RESPECT (2021)
Directed by Liesl Tommy
United Artists, 145 minutes, PG-13
★★★
In 2009, an African American student in my class at Smith College asked me who sang “My Country t’is of Thee” at Barack Obama’s inauguration. It took me aback, but I had the presence of mind to ask her to YouTube more Aretha Franklin and read about her. Bless her heart, that’s exactly what she did and the “Queen of Soul” had a new young fan.

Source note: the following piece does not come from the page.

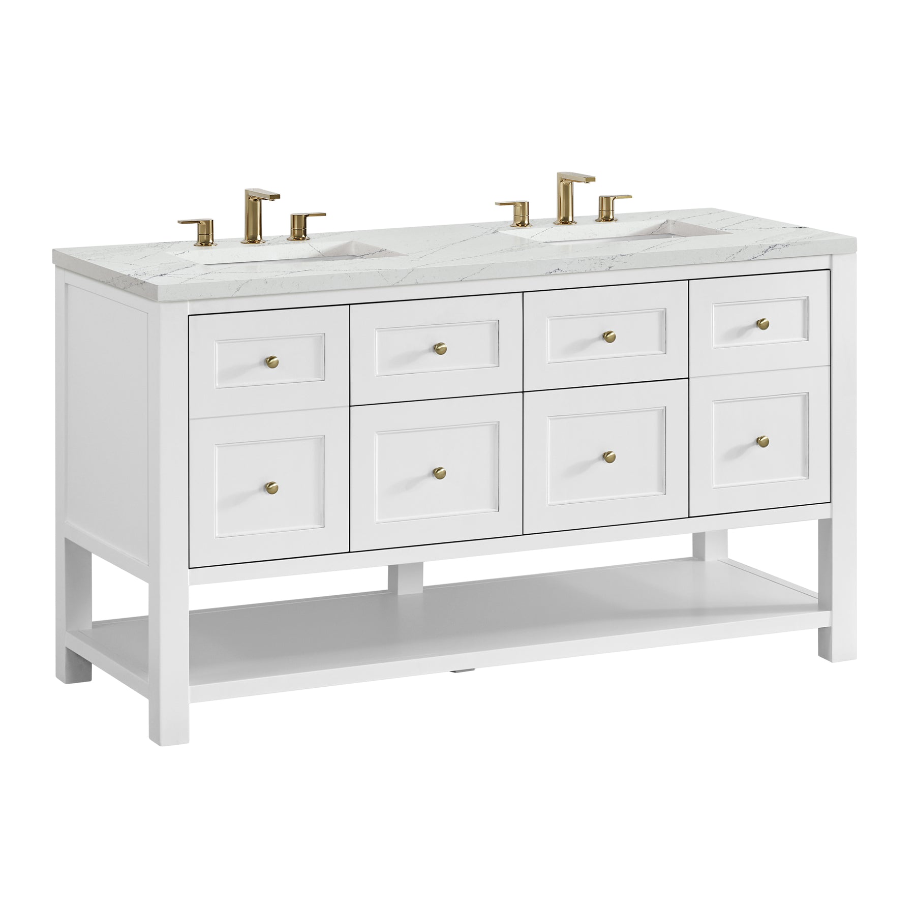 The Breckenridge 60" Double Vanity is a fresh take on traditional Mission furniture that easily transitions to Modern Farmhouse style with an air of understated sophistication. Champagne Brass knobs complement the Bright White finish, while the neatly inset door and drawer fronts lend a fresh appeal to this clean-lined classic. Two single-door cabinets open to reveal interior shelves equipped with a convenient built-in USB/120V power outlet. This console-style vanity also features two top-row tip-out drawers, two standard full-extension drawers, and an open lower shelf for additional storage. A stunning Ethereal Noctis Silestone top with undermount sink completes the look.

I tell this story because Respect is a bit like Franklin at Obama’s inauguration: a taste for those who know little about her. It won’t, however, tell them much. It lost money at the box office, but racism was not to blame. Like too many biopics in the “based upon” category, Respect tried to do too much, assumed too much, and relied too heavily on name recognition. It’s a decent movie, but ultimately a mid-pack pick.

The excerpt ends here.